The Swiss-Prot [43], HPRD [44], PhosphoBase [45], and Phospho.ELM [46] databases and the existing literature did not reveal any experimentally verified phosphorylation at the predicted sites. Analysis of the mouse orthologues showed that the corresponding amino acids at the BRCA1-S1041, CCNI-S208, ERCC5-S310, IGHMBP2-S672, WRN-S1083 and XRCC3-T241 residues were also predicted to be phosphorylated, suggesting that these motifs/sites might have been evolutionarily conserved between two species. On the other hand, the remaining phosphorylation sites, which are not detected in mouse proteins, may represent the newly evolved phosphorylation motifs in human. However, considering the false-positive rate of NetPhos as well as the possibility that the negative selection acting on the nsSNP sites can result in higher false-positive rates, we cannot totally rule out that all predictions in Table 2 are false. Yet these predictions are still of a great value and suggest possible phosphorylation sites that can be experimentally evaluated. In future, when sufficient molecular data regarding the phosphorylation status of orthologous proteins is available, more systematic analyses can be performed to maximize the accuracy of phosphorylation predictions.

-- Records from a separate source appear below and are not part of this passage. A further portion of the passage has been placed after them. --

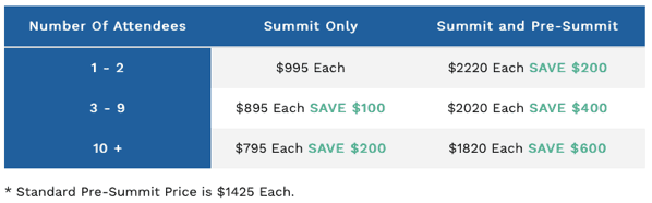 What is the registration fee? Here is the base price and the discounts for attending a course and the Summit or for multiple attendees…
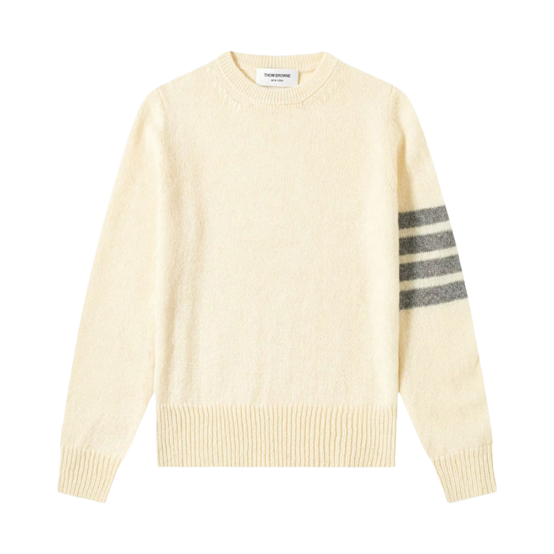Thom Browne Shetland 4-Bar Classic Crewneck Pullover Knit White
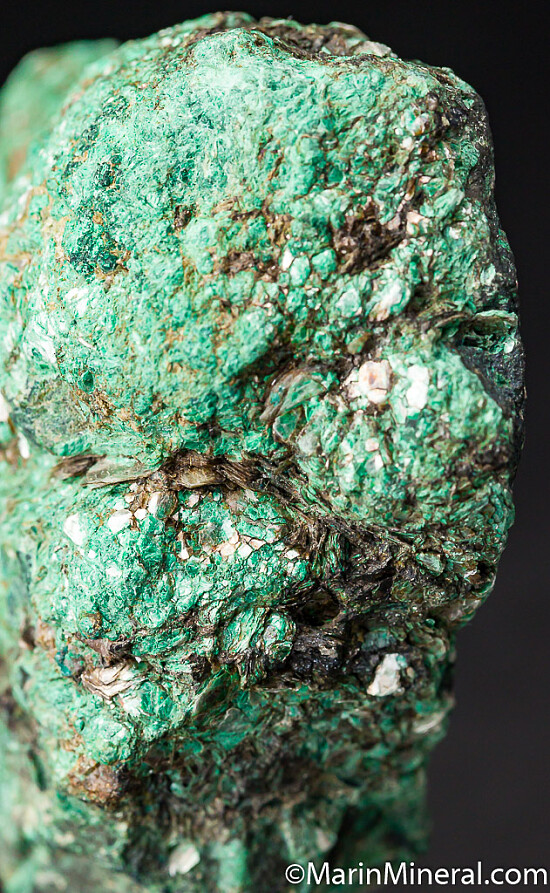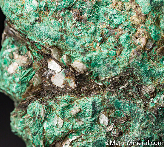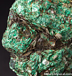 Mass of green Malachite and Mica with areas of grey Bismuthinite.

We have also performed an extensive literature review to investigate the role of the reported nsSNPs (minor allele frequencies ≥5%) in human cancer predisposition (Table III). Supporting our hypothesis, three SNPs (CDKN1A-S31R, OGG1-S326C, and XRCC3-T241M) have already found to be associated with altered cancer risk. XRCC3-T241M nsSNP was reported to be associated with increased breast cancer [47,48] and melanoma risk [49], and was also found to be protective against bladder cancer in heavy smokers [50]. XRCC3 is a key DNA repair protein involved in base excision repair [29] and is involved in repairing the alterations caused by many DNA damaging agents. Recently, the XRCC3-M241 variant has been associated with increased risk of incidence of tetraploid cells, frequently observed in cancers, through affecting the function of the XRCC3- and Rad52-associated RPA protein [51]. Similarly, the OGG1-S326C SNP was found to be associated with increased lung [52], orolaryngeal and esophageal cancer risk [53,54]. OGG1 is a DNA repair protein that is protective against the mutations induced by the 8-hydroxyguanine. Yamane et al., [55] suggested that OGG1-C326, when compared to OGG1-S326, was associated with a lower repair capacity for 8-hydroxyguanine induced mutations in human cells. In the case of CDKN1A-S31R, the CDKN1A-S31 was suggested to be associated with increased endometrial cancer [56] whereas CDKN1A-R31 was associated with increased primary open-angle glaucoma [57] and esophageal cancer risk [58]. The CDKN1A-R31 form of the protein was not significantly different than the CDKN1A-S31 form in terms of its ability to suppress colony formation [59]. However, it is not clear whether this result would suggest that the CDKN1A-R31 would be functionally equivalent to the wild type allele in other diverse cellular mechanisms that the CDKN1A protein is involved in, such as apoptosis, cell migration, and senescence [60,61].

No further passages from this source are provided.